Wednesday, November 05, 2003
Top Ten Weight Gain Tips
posted by Julie |
How to live your life to ensure maximum mass
(Ed note: If you're an actual skinny person, looking to gain weight, keep looking. This article is a bit of comedy, an inside joke for people working hard to lose weight. A good laugh. Get it? No? That's okay. It's our joke.)
Suzfehr from the weightwatchers.com message boards gave us today's topic, and half wrote it too. Her premise: Let's say you're a skinny starlet who needs to put on weight fast to get a part in a movie, playing the plump love interest, sort of, of Hugh Grant? What would you do to put on weight as fast as possible?
We could make millions advising these actresses:
Always eat while watching TV.
That includes meals and snacks. Also eat while reading. And bathing. In front of the TV, try to choose mushy, soft food so you can still hear the dialogue. Cans of frosting and peanutbutter work pretty well. Save crunchy snacks for commercial breaks. If you find your weight gain slowing down or hitting a plateau, you're probably not watching enough TV. If you alternate sweet with salty foods, you'll pack more in.
Eat when you're upset.
Or mad. Or hurt. Or happy. Or confused. Or sad. Or cranky. Or tired. Or eat when you feel nothing, but want to feel something. Food is enormously comforting. There's hard science to back that up. In a pinch, food can replace all other means of coping.
Do not plan meals.
Our ancesters were hunters and gatherers. Eating should be an adventure! Planning takes all the joy and excitement out of consumption. You'll never put on your maximum weight if you plan your meals.
Celebrate everything with cake.
Not just because it's what your ancestors have always done, always, always. Do it because there is nothing like the combination of white flour, sugar, and saturated fat to lay on the blubber. Donuts work just as well and are a very festive substitute. Someone, somewhere is having a birthday or anniversary today. Surely.
Identify with fatness.
Focus. Try to visualize yourself at your biggest and fattest. If you can identify yourself as a fat person, build your whole self image around bigness and roundness, you'll never slip into the habits of a thin person by mistake.
Stress load now.
Try to maintain as much stress in your life as you possibly can. The more stress, the more your body fights to hold on to fat. Stress will pretty much ensure your hard work at gaining weight will not go unrewarded. Over-book, over-commit, over-do, over-promise everything. Over-expect, over-much from yourself. Always. It's the only sure way to keep that weight on.
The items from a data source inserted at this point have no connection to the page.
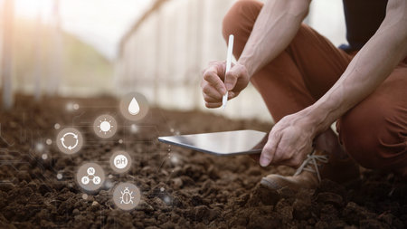Farmer checks soil quality by hand using digital data icons to analyze nutrients pH moisture with tablet.
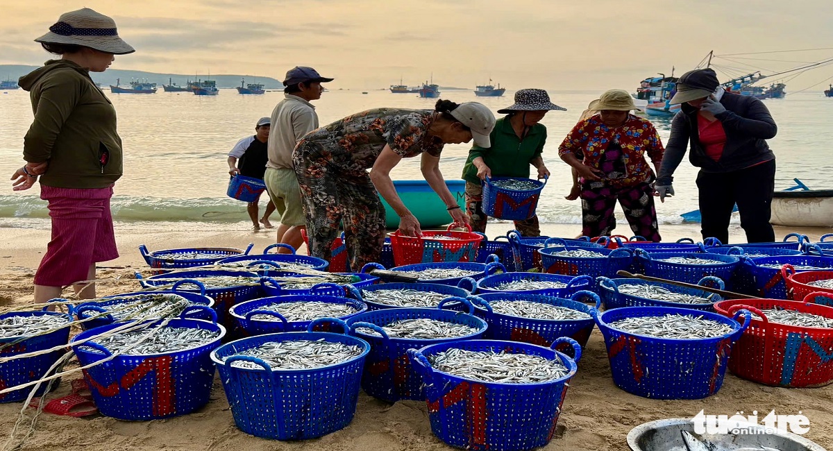 Từ 5h sáng mỗi ngày, nhiều phụ nữ tại xã An Chấn (huyện Tuy An, Phú Yên) lại đợi sẵn trên bãi biển chờ những thúng cá cơm tươi rói được đưa vào bờ.
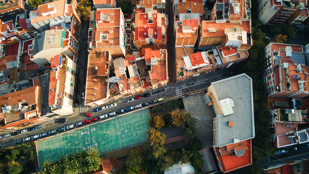 Aerial drone view of Barcelona, Spain. Blocks with multiple residential buildings, streets with greenery and courts
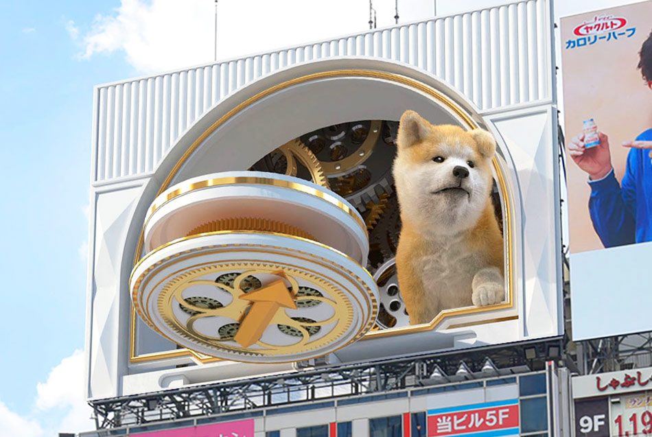 An Akita dog has been galivanting between buildings around Shibuya Station since July 2022. The three-dimensional dog is the creation of Hit Co., Ltd., the advertising company that operates the eight digital billboards through which the dog bounds.
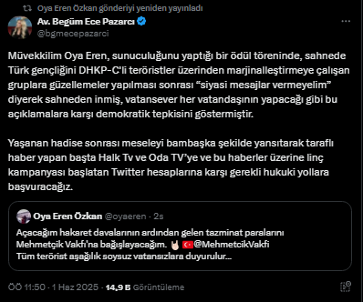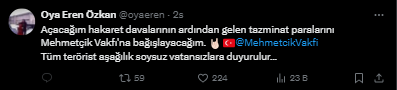 Tartışmaların büyümesi üzerine TRT spikeri Oya Eren Özkan sosyal medya hesabından açıklama yaptı. Hakaret davaları açacağını belirten Özkan, kazanılacak tazminatları Mehmetçik Vakfı’na bağışlayacağını söyledi.
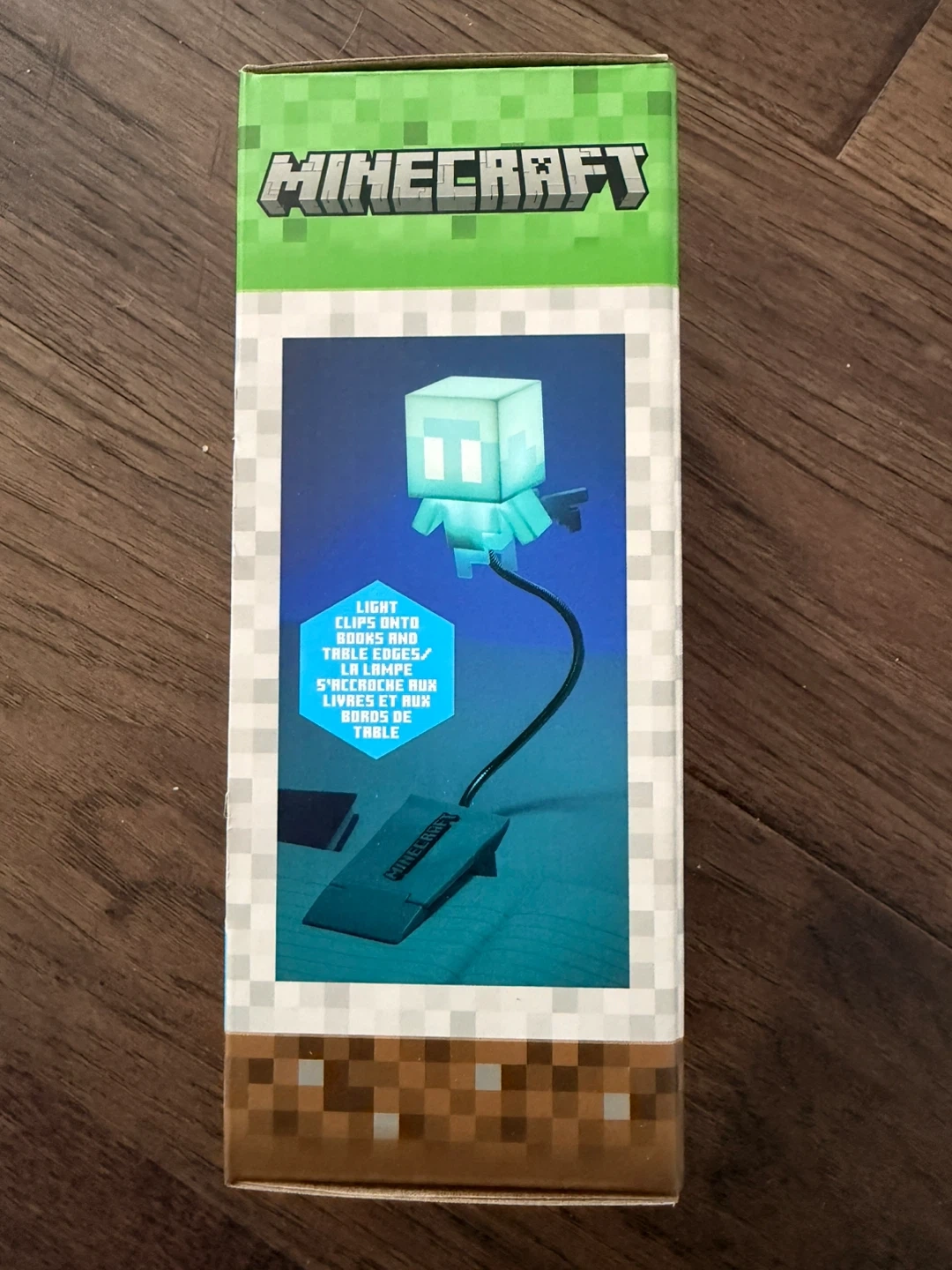 Here's a Minecraft Allay clip-on book light by Paladone! It clips onto books and table edges. The cable is flexible, and it has 3 light modes. Hard to find and perfect for any Minecraft fans.
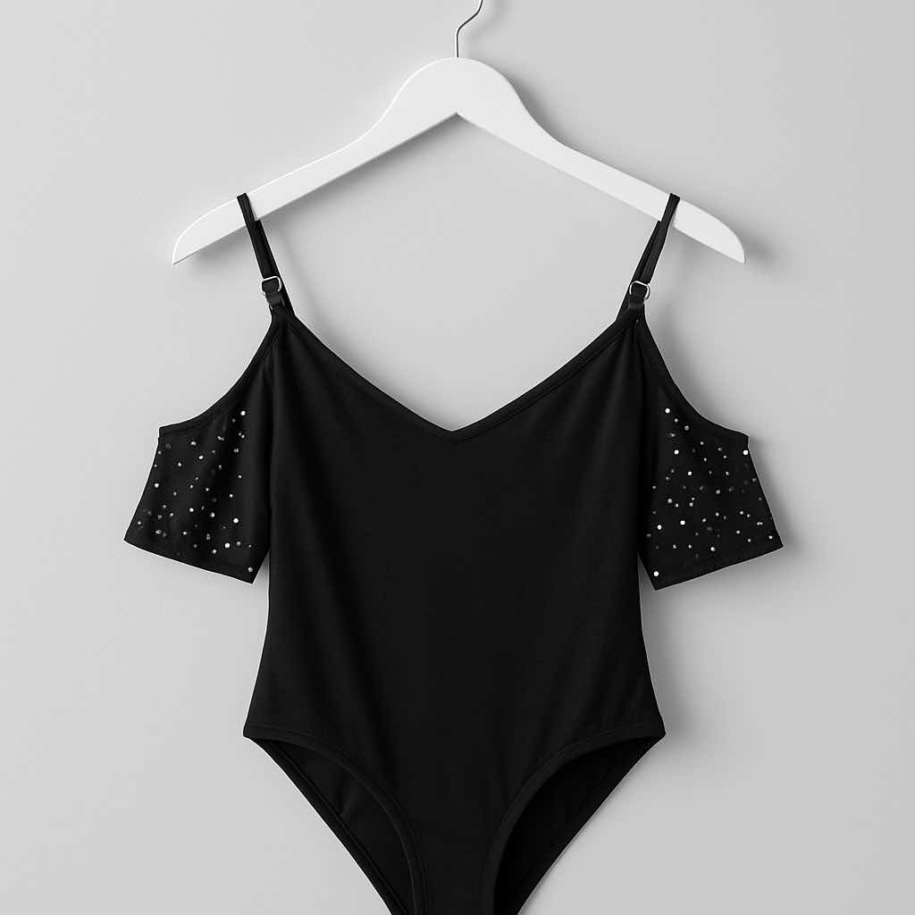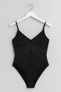 Command attention with this black studded crop top, designed for ultimate glam and edge. Crafted with a sleek body-hugging fit, it features dazzling stud embellishments arranged in an eye-catching geometric pattern that sparkles under the light. The thin straps and cropped cut make it perfect for night outs, concerts, or party looks. Pair it with high-waisted jeans, leather pants, or skirts to create a chic, confident, and unforgettable outfit. A must-have statement piece from Royal Luxury Boutique.
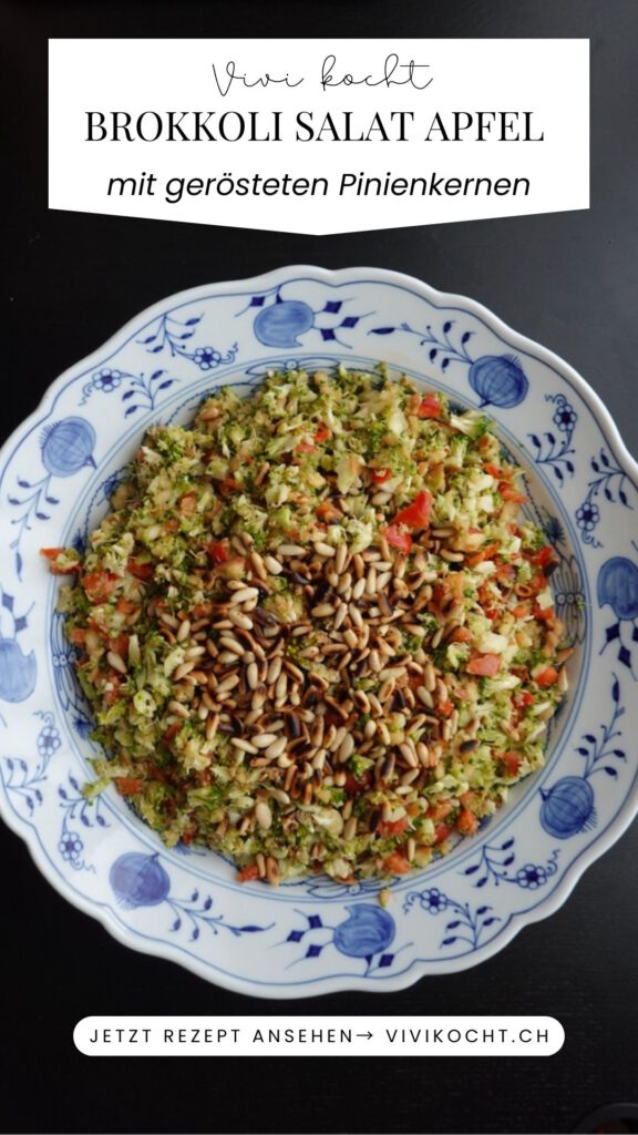 Brokkoli Salat Apfel Salat mit Pinienkernen
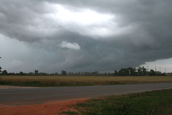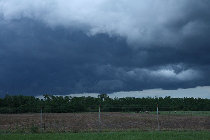 Pictured above: The storms approaching Flomaton as seen from Highway 4 near Northview High School. Pictured inset: The radar image at the time the top photo was taken. Pictured below: Two more photos of the storms taken from North Highway 99 near Bratt Elementary School. NorthEscambia.com photos, click to enlarge.

Eat it before someone else does.
Eat as much as you can as fast as you can before anybody else eats it first. Be sure to get yours. You never know when you'll get another chance at a package of Oreos. They may stop manufacturing them any minute, and then where would you be?
Eat at night, all night.
Four hours before bedtime, begin to graze constantly. You should be swallowing your last bite just as you crawl between the sheets. Set your alarm to wake you up two or three times during the night to eat some more. Follow any meal with some sleeping time, so you're sure to signal your body you have no immediate need for those calories.
Water has no calories and tends to fill your stomach up. Avoid it at all costs. You need to fill up with calorie-rich food and drink. If you're going to drink something, choose something rich, sweet, or alcoholic to pump up your energy load. Warmed up palm oil is ideal.
And the number one way to gain as much weight as possible:
Do not move.
Try to remain as inactive as possible. Park your car as close to the door as you can at work, when shopping, when visiting friends. Try to choose inactive work. Take elevators, escalators. If you can sit instead of stand, do it. If you can lie down instead of sit, do that. Really think before acting: Is it worth burning off that precious energy? Send others to fetch things for you. Children are especially good for this. They can bring you food in front of the TV, for instance. Preserve your girth. Stay still.
(With thanks to David Letterman and his writers and anyone and everyone responsible to or especially holding the trademark rights to "Top Ten" lists.)